**Activity**
With pictures excluded, retype exactly every line from the one containing "Im Gegensatz zu" to the end of the records below.

**Collected data**
________
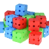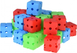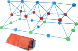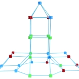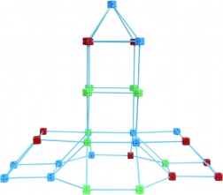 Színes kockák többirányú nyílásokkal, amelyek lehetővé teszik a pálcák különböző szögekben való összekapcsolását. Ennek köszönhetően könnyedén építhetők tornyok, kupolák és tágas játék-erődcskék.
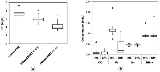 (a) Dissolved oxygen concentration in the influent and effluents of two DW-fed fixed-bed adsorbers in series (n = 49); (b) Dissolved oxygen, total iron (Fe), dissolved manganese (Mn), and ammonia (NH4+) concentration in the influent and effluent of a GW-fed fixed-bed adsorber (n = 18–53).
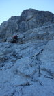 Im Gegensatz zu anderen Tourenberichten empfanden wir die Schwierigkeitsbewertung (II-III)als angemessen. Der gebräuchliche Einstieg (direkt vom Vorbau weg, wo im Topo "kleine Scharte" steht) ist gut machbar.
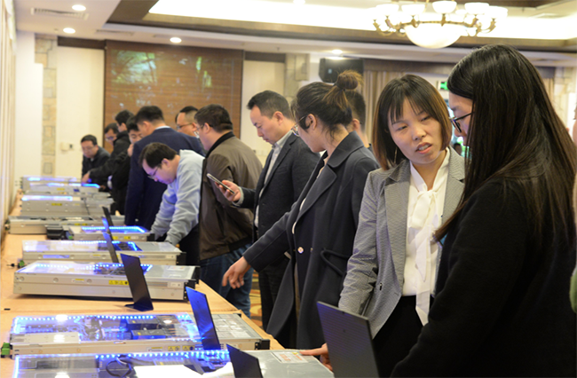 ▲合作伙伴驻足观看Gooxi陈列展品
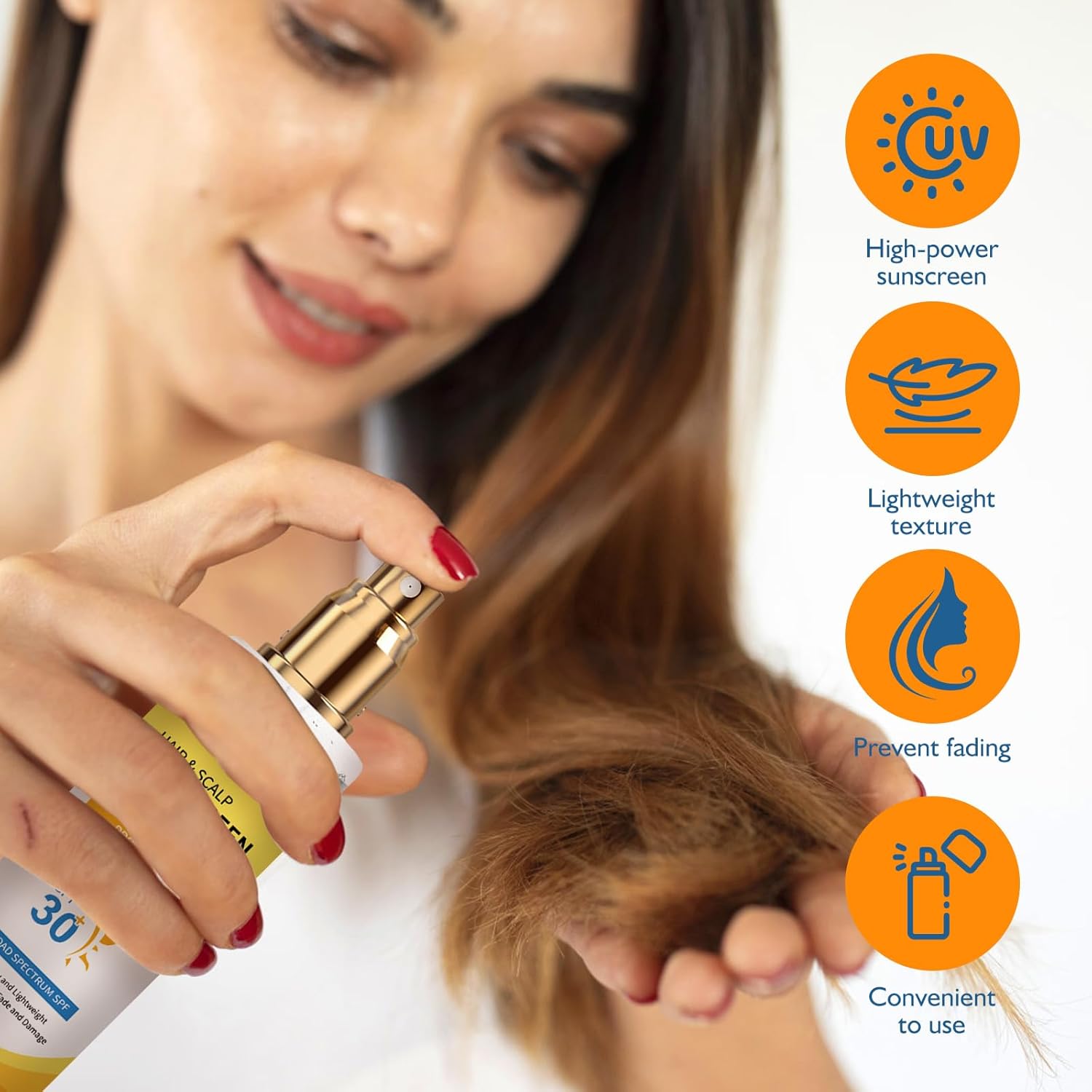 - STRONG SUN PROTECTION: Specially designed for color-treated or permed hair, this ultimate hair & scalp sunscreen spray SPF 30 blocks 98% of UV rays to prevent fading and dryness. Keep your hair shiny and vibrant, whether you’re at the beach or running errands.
________
**Answer box**
 Im Gegensatz zu anderen Tourenberichten empfanden wir die Schwierigkeitsbewertung (II-III)als angemessen. Der gebräuchliche Einstieg (direkt vom Vorbau weg, wo im Topo "kleine Scharte" steht) ist gut machbar.
 ▲合作伙伴驻足观看Gooxi陈列展品
 - STRONG SUN PROTECTION: Specially designed for color-treated or permed hair, this ultimate hair & scalp sunscreen spray SPF 30 blocks 98% of UV rays to prevent fading and dryness. Keep your hair shiny and vibrant, whether you’re at the beach or running errands.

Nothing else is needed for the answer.